Warning: Codespaces compute usage is billed for the duration a codespace is active. If you're not using a codespace that remains running and hasn't yet timed out, you are billed for the total time that the codespace was active, irrespective of whether you were using it. For more information, see "About billing for GitHub Codespaces."

As with any Visual Studio Code instance, you can also log in to your GitHub account to pull your settings and extensions, but to keep things clean and distraction-free, you can customize your Codespace instead for only what you or others working in the same repository need.

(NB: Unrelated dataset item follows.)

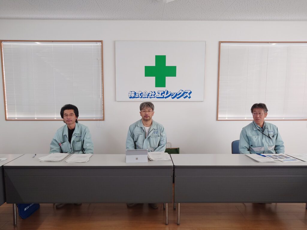 今年度第3回目となる、エレックス協力会社安全協議会全体会議を行いました。協力会社全社から安全推進委員が集まり、安全作業や施工品質に関する情報周知、その他最新情報の共有を図り、作業現場へ反映するようにしています。

Customizing Your Codespace

You can customize your Codespace to suit the project you are working on; some examples I use personally are:

  • Markdown editing (for example, my website is hosted on Github Pages, and the formatting is done using Markdown, so I have a devcontainer preconfigured to run Markdown Visual Studio Code extensions and linting, so as soon as I open it - its good to go!)
  • Infrastructure as Code development (I have preconfigured devcontainer, running on a container, that has the latest version of PowerShell, Terraform, Bicep installed and relevant Visual Studio extensions)

I used to install everything locally, to the point when I would be reinstalling Windows every few months. To keep my device clean, I moved to an Azure Virtual Desktop host as my development environment, but Codespaces now give me the flexibility to install what I need (when I need it) within a Linux environment, and I know when I rebuild the Codespace, I will have the latest libraries.

There are a lot of customisation you can do, we won't be able to cover all possible customisations in this article, but I aim to cover the basics to get you up and running!

Setting Sync

Before delving into some of the customisation of the devcontainer configuration itself, let us remember the Visual Studio Code settings sync.

If you are someone who works on the same products and services and has invested time in configuring Visual Studio profiles, there's nothing indicating that you can't use this in a Github Codespace, especially if it is a trusted repository.

You will already be logged into Visual Studio Code with your GitHub account; you can turn on Setting Sync to have your Visual Studio code settings and profiles sync straight into your devcontainer.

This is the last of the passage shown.